Data source : https://www.kaggle.com/yufengsui/mobile-games-ab-testing

Problem Description

Imagine we have developed a mobile application and we are want to improve the retention of our app,it is a mobile game where they encounter gates that forces them to wait a certain amount of time, or make an in-app purchase to progress.
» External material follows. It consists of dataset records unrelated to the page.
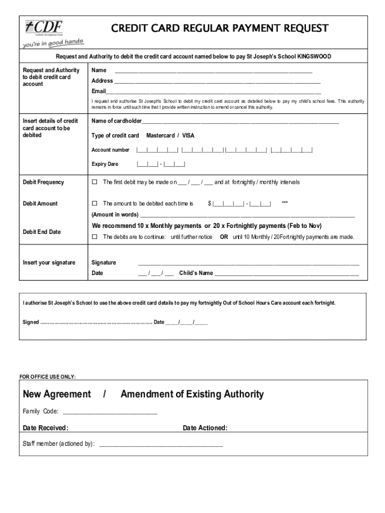 CREDIT CARD REGULAR PAYMENT REQUEST and Authority to debit the credit card account named below to pay St Josephs School KINGHOOD Request and Authority to debit credit card accountable___Address ___
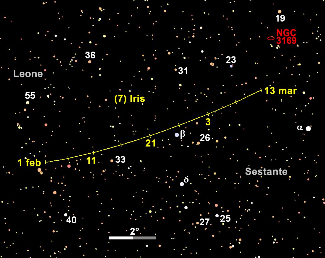 Nel corso del mese il pianetino (7) Iris risulta sufficientemente luminoso per poter essere seguito con piccoli strumenti amatoriali. In opposizione al Sole il giorno 27, quando raggiunge la magnitudine visuale +8,9, (7) Iris è rintracciabile nella parte orientale della costellazione del Sestante, 15° a sud-est di Regolo. Grazie al moto retrogrado da cui è animato il pianetino si sposta in direzione della stella di 5a magnitudine Beta Sextantis, 22’ a nord della quale transita la mattina del 25 febbraio.
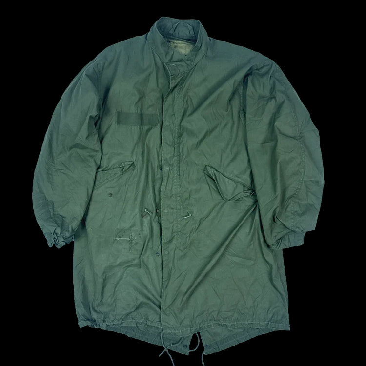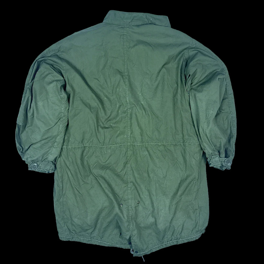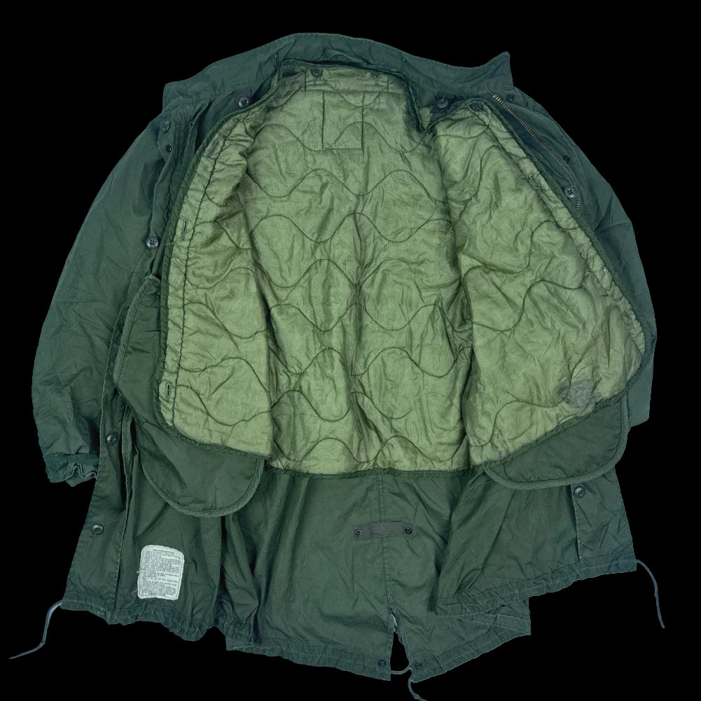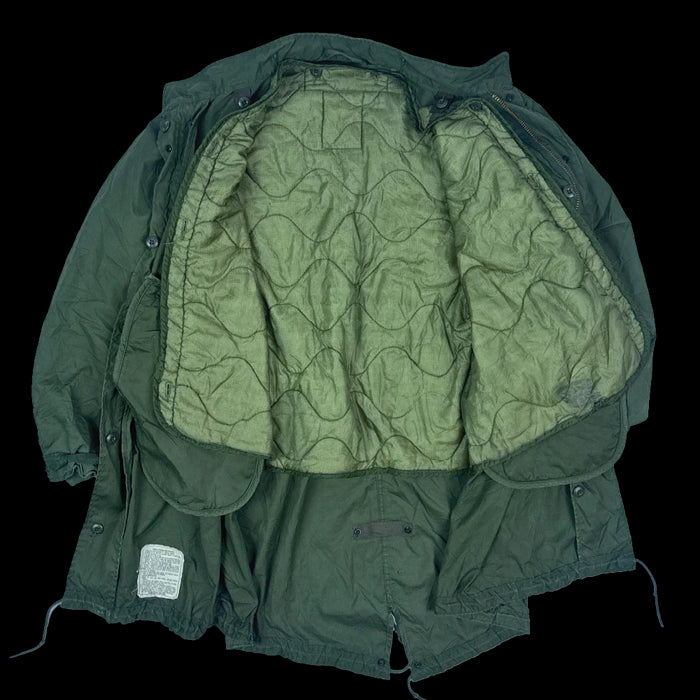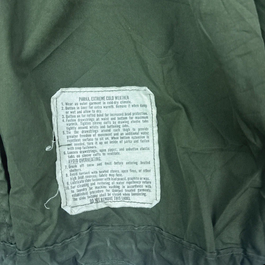 USGI Extreme Cold Weather fishtail parka with detachable M65 field jacket liner. Features fleece-lined hip pockets with flap closure, button attachment points for the liner and hood, and drawcords at the waist and base of the parka.
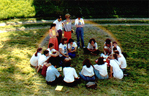 Sateenkaari-ilmiö ilmestyi tässä opintopiiristä otetusta valokuvassa. Kuva on alkuperäinen, ei kuvakäsitelty.

This is a way to encourage user spending and also to increase the usage and retention of the game, but where should the gate be placed?

The users are divided in two groups:

  • Group A with the gate at level 30
  • Group B with the gate at level 40

We want to find if it is better to place the gate at level 30 or level 40, we do this by recording:

  • userid : Unique key assigned to each user
  • sum_gamerounds : The number of rounds played by the player 14 days after the install
  • retention_1 : Did the player come back and play 1 day after installing?
  • retention_1 : Did the player come back and play 7 days after installing?

Import Data

import pandas as pd
import numpy as np
import pymc3 as pm
import plotly.graph_objects as go
import arviz as az
data = pd.read_csv("cookie_cats.csv",index_col = 0)
display(data.head(5))
version sum_gamerounds retention_1 retention_7
userid
116 gate_30 3 False False
337 gate_30 38 True False
377 gate_40 165 True False
483 gate_40 1 False False
488 gate_40 179 True True

Let’s check for missing data:

display("Missing values : "+ str(sum(data.isnull().values)))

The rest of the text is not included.